Comparison of Conversational Corpus and News Corpus on Gender Bias in Indonesian-English Transformer Model Translation
Comparison of Conversational Corpus and News Corpus on Gender Bias in Indonesian-English Transformer Model Translation
Blog Article
Gender bias in machine translation is a significant issue that affects text translation and gender perception, often leading to misunderstandings, such as the tendency to default to using male pronouns.For example, the word "dia" in Indonesian is often translated as "he" rather than "she," even when the context suggests otherwise, as seen in the case of President Megawati.Reducing this bias requires ongoing research, particularly in understanding how different corpora affect translation accuracy.

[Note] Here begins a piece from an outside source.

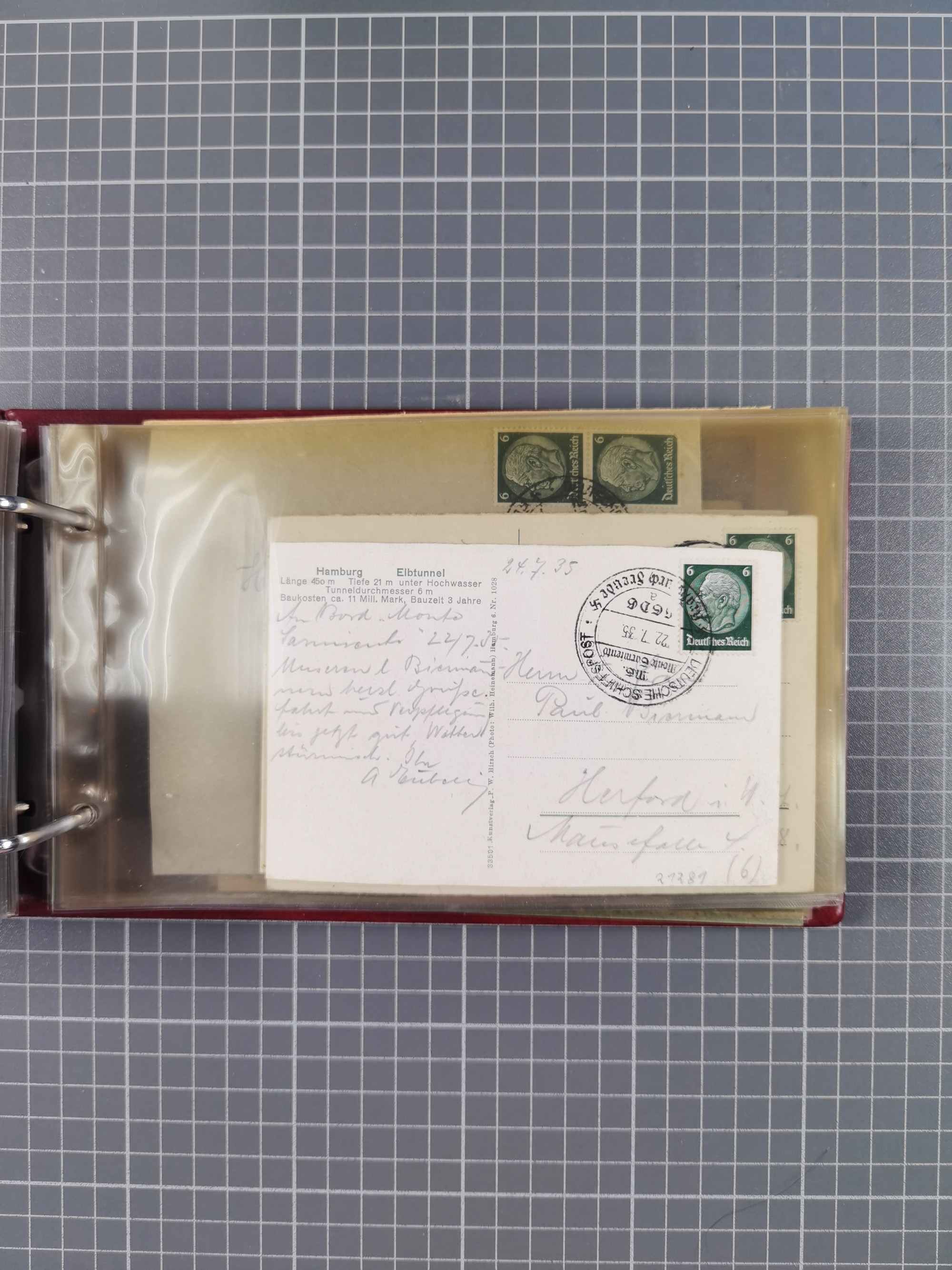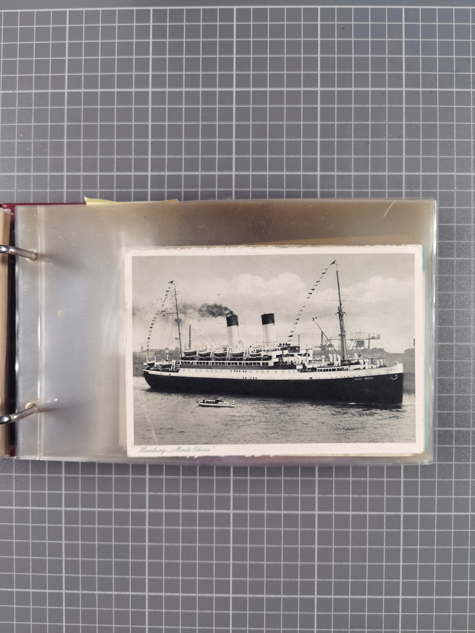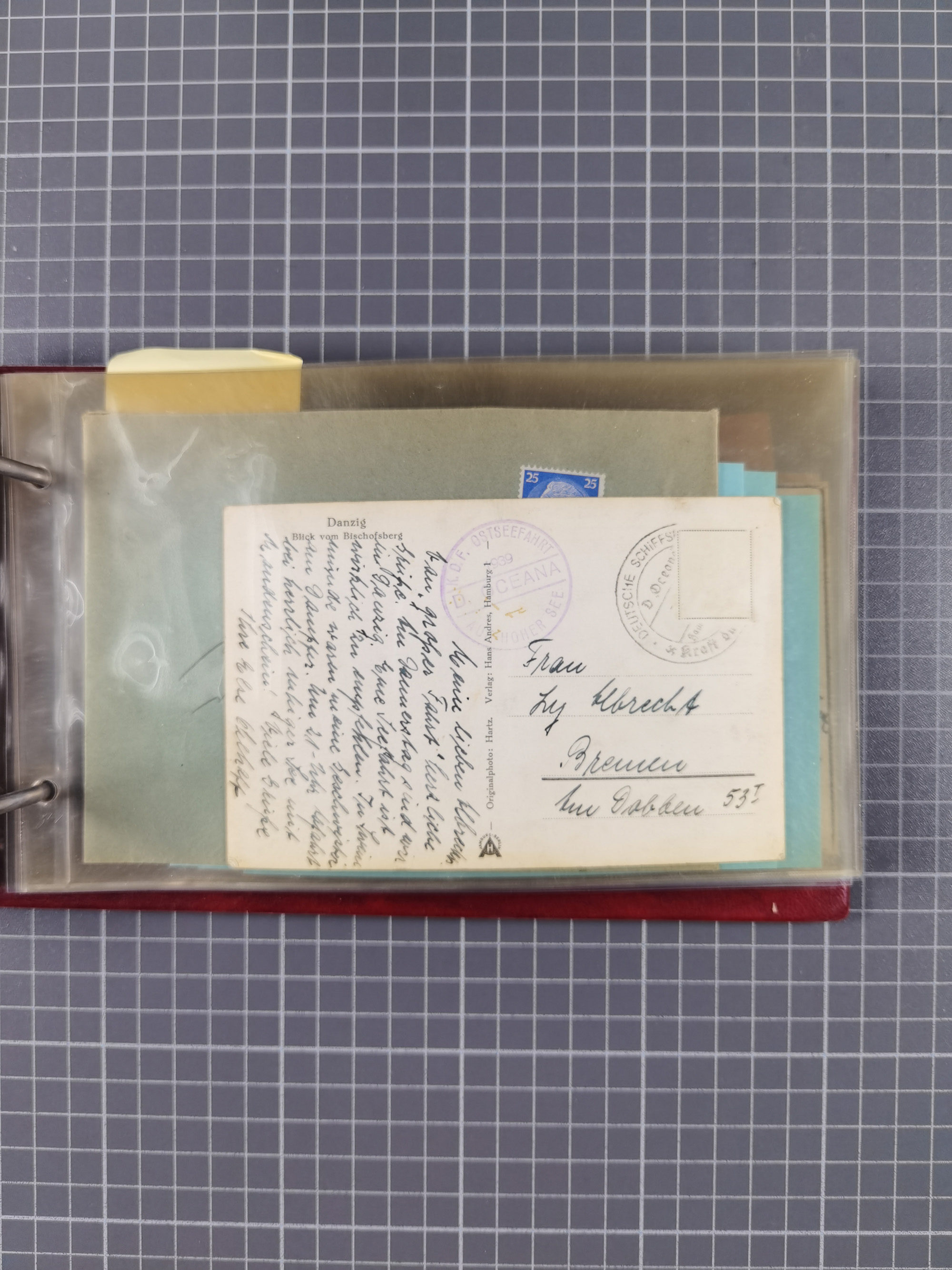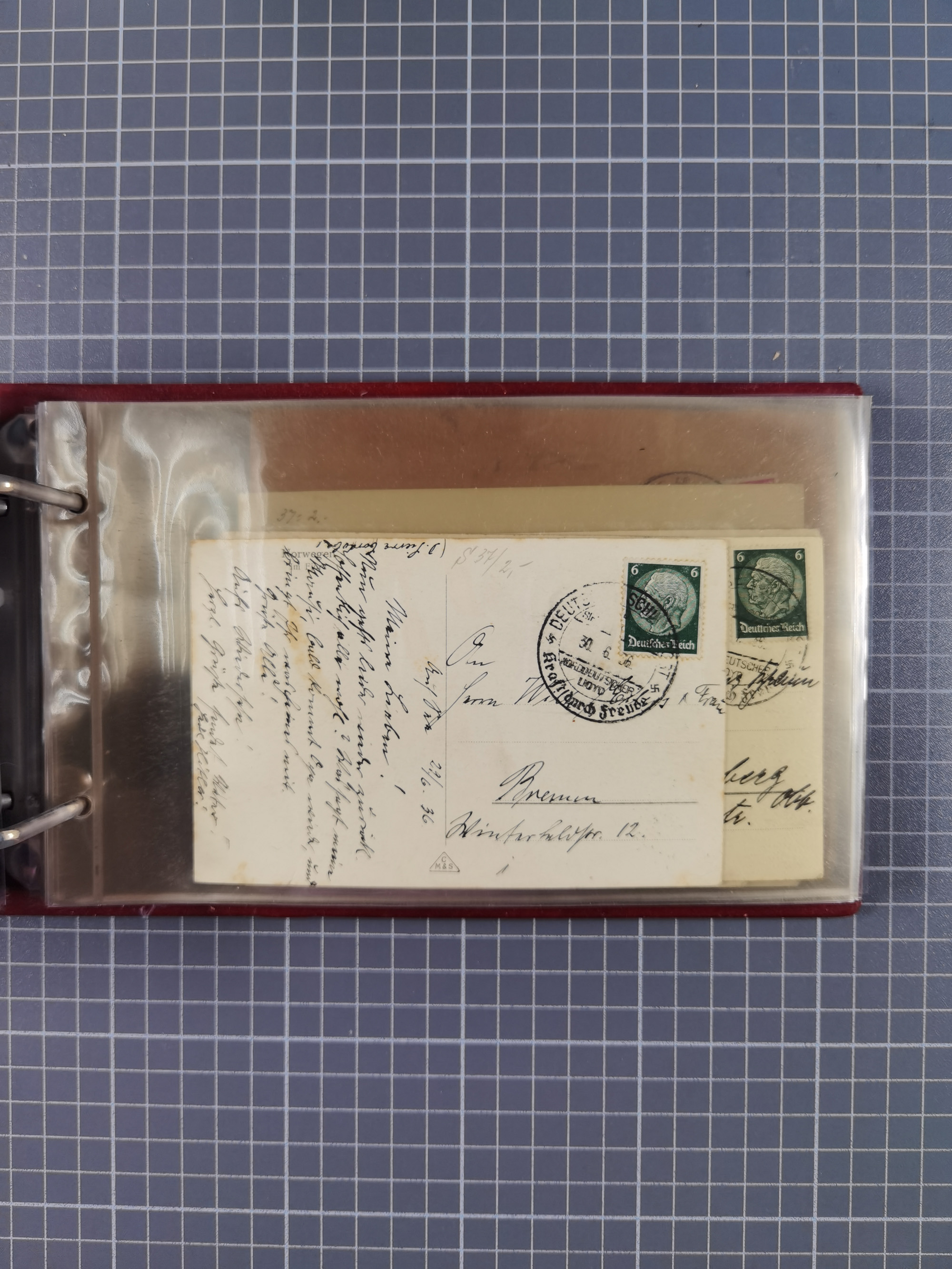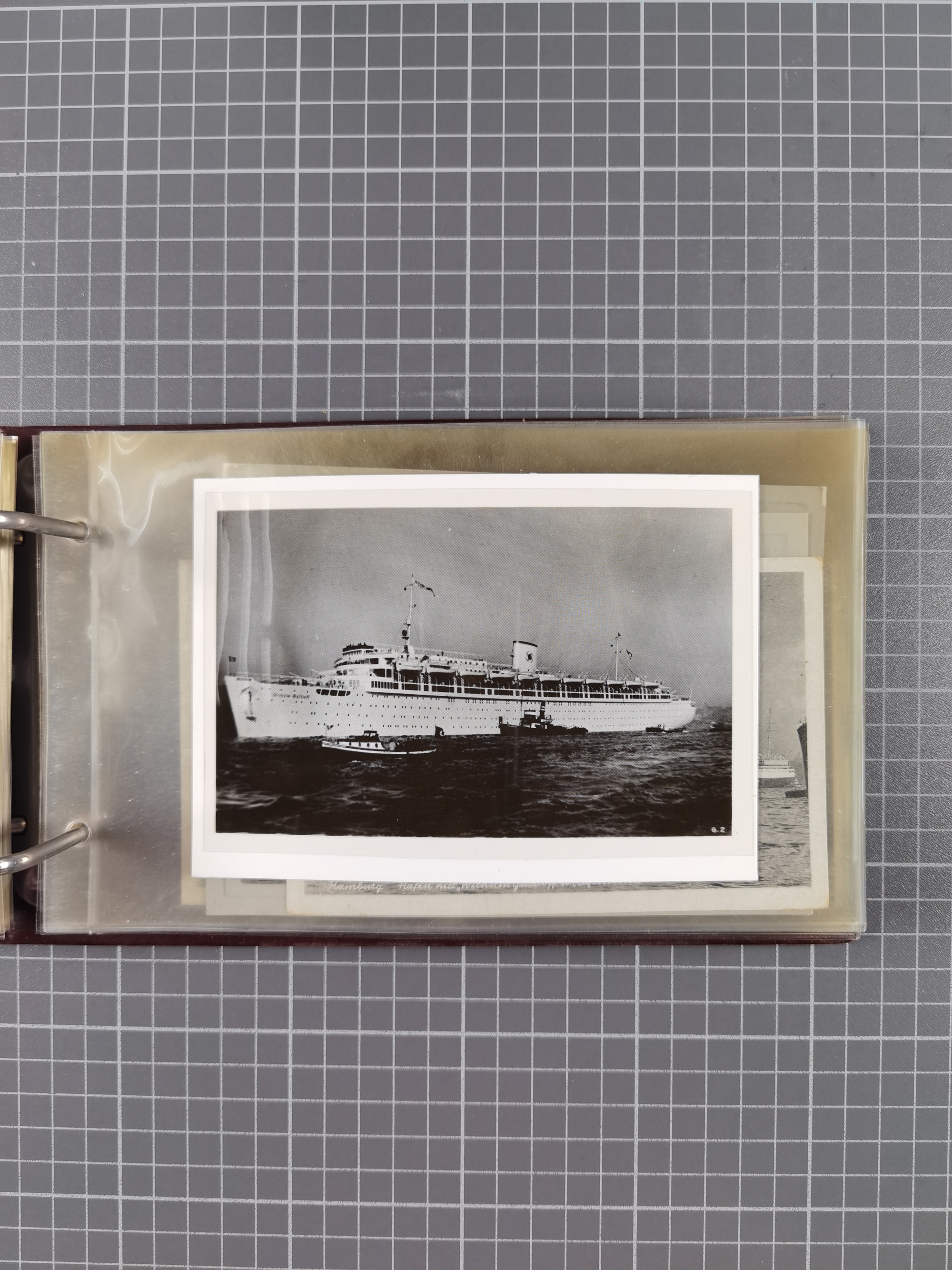 1934/39, Sammlung “Kraft durch Freude” mit ca. 240 Briefen, Karten und GSK inkl. Stempel des "LLOYD BREMEN", dazu Fotos, Schiffsansichtskarten, Speisekarten usw., sauber in vier Alben, ex Steinmeyer
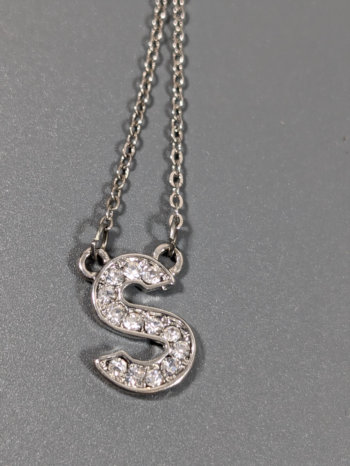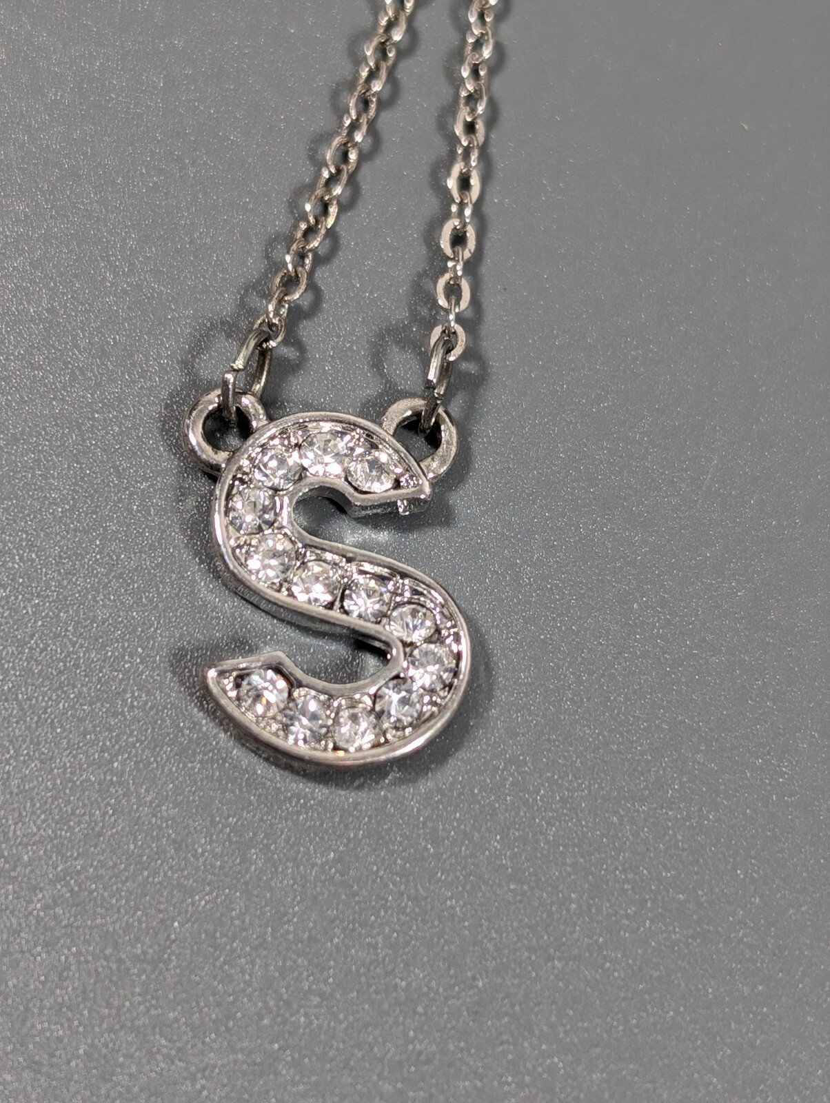 Initial Letter S Rhinestone Small Charm Silver Tone Necklace 20 in

Studies have shown that formal news corpora, which have less gender bias, produce different results compared to conversational corpora that are more altitude sunscreen informal and exhibit gender bias.This research uses a training dataset of the Indonesian-English conversational parallel corpus from Open Subtitles, which contains many gendered pronouns.Additionally, a news corpus from Tanzil, with fewer gendered words, was also used.
These corpora were sourced from Opus, widely used by previous researchers.For the testing dataset, biographies of female presidents were used, which are often translated as masculine by popular machine translation systems by default.Each corpus was trained using a Transformer model, resulting in a translation model.
Each sentence from the generated translations was then detected for gender, and chicago cubs earrings compared with the gender of sentences from the test data to evaluate accuracy.The results showed that the accuracy of gender translation from the conversational corpus was 84%, while the news corpus achieved an accuracy of 8%.